Fake courses and low standards proliferate as the market grows, says Rebecca Warden

Unesco researchers are warning of a growing tide of fraud and corruption in higher education.

One of the most common examples is institutional fraud, said Muriel Poisson, programme specialist, and Jacques Hallak, former director of Unesco's International Institute for Educational Planning, who were speaking at a recent international conference on accreditation in Barcelona.

Foreign students have become big business over the past 20 years. Higher education is Australia's second largest export while for the US it is its fifth largest service export.

While most operations are legitimate, the number of fake universities has shot up from about 200 worldwide in 2000 to more than 800 in 2005, according to Sweden's National Agency for Higher Education. There has also been a rise in the number of reputable universities offering substandard programmes abroad, usually in developing countries.

Placid Njoku, director of quality assurance at Nigeria's National Universities Commission, sees an invasion of foreign recruiting agencies every summer. "The curriculum they deliver is uncertified and often unstructured.
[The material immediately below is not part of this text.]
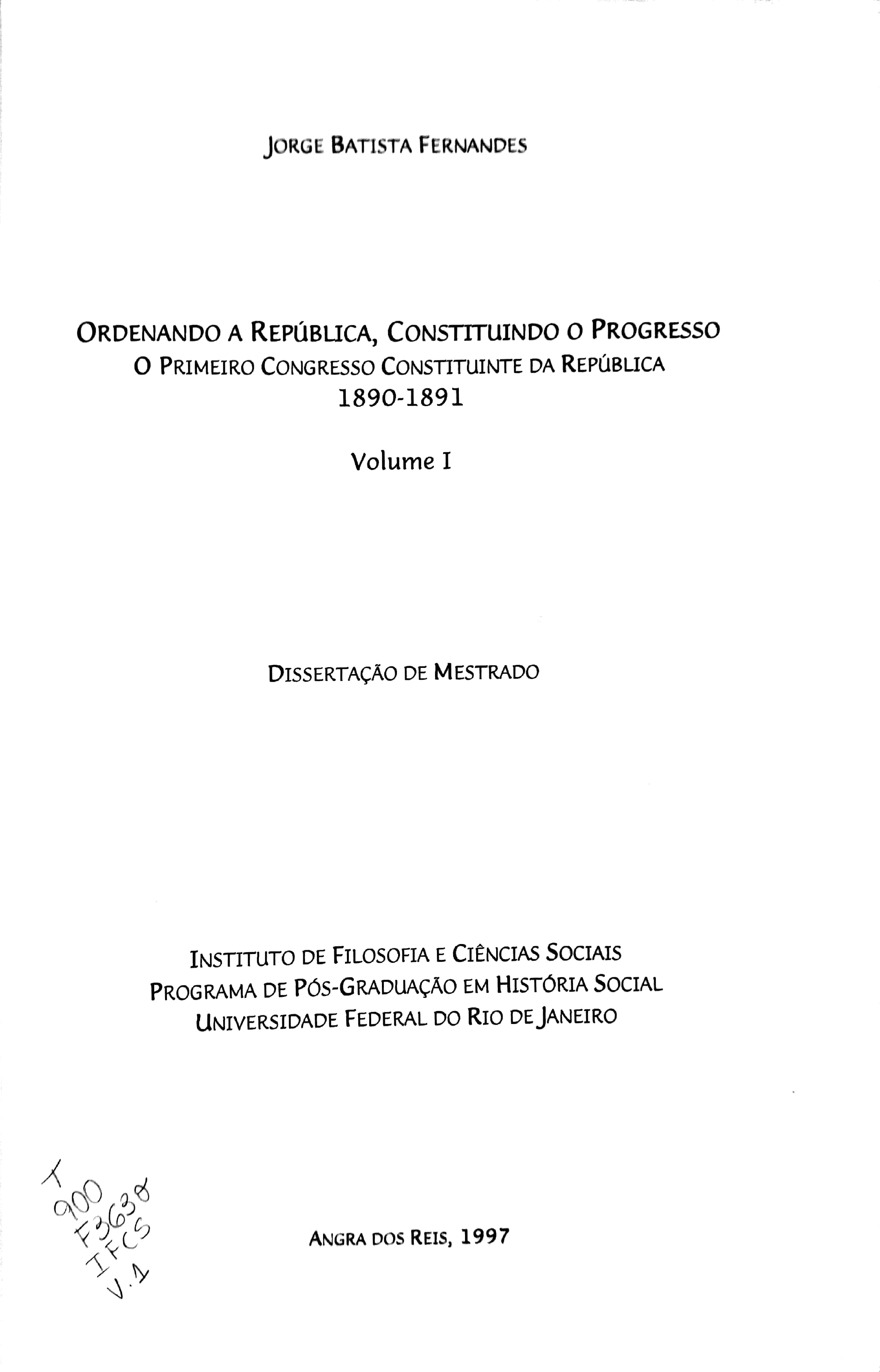 Ordenando a República, Constituindo o Progresso: O primeiro Congresso Constituinte da República 1890-1891

Programmes that are supposed to take four years are given in less than a year," he said.

In Latin America, problems are caused by the uncontrolled growth of the private sector and the presence of foreign universities offering distance-learning courses.
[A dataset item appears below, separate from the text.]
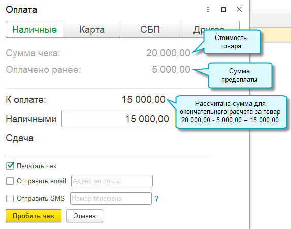 Добавлена возможность отражать розничные продажи в случаях, когда покупатели вносят предоплату за товар. Кассовые чеки пробиваются на предоплату и на отгрузку с зачетом предоплаты.

In Argentina, the Instituto Hern n Darias's request to be officially licensed as a university was twice turned down, but it continued to advertise courses with degrees from reputable Spanish universities.

"Some institutions are offering distance-learning courses of very low quality," said Norberto Fernandez Lamarra, director of educational development at Tres de Febrero National University in Buenos Aires. "This may produce useful earnings for Spanish universities, but it isn't doing much to develop higher education in Latin America."
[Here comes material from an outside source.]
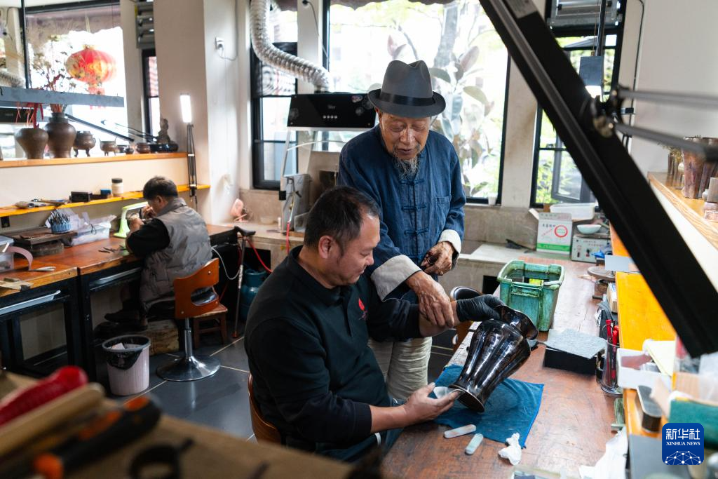 10月25日,在昆明乌铜走银传习馆,弟子在金永才指导下进行细打磨作业。

The Israeli Government gives its employees a 10-20 per cent bonus when they obtain an advanced degree. In 2001, several top Israeli officials, including a police chief and the head of the teachers' union, were found to have gained fake degrees from Latvia University in Riga.

In 2003, four administrators from the Israeli branch of the UK's Lincolnshire and Humberside University were arrested on suspicion of selling fake degrees.

In South Africa, it is estimated that in 2003 about 15 per cent of workers used bogus qualifications to get a job.

Dr Poisson and Dr Hallak said that overreliance on degrees as the sole unit of currency for getting jobs was making matters worse. "When you have no way of verifying whether a degree is genuine or not, the whole system of qualifications becomes questionable," Dr Poisson said.

The researchers said tighter regulation and more transparent criteria for quality assurance were needed, pointing to initiatives such as Unesco's quality assurance and recognition project.

There is also a need to provide students with as much information as possible to stop them falling prey to unscrupulous operators. The US state of Michigan lists unaccredited institutions, including the tellingly named College of Nonsense in Nebraska, and unauthorised accrediting bodies.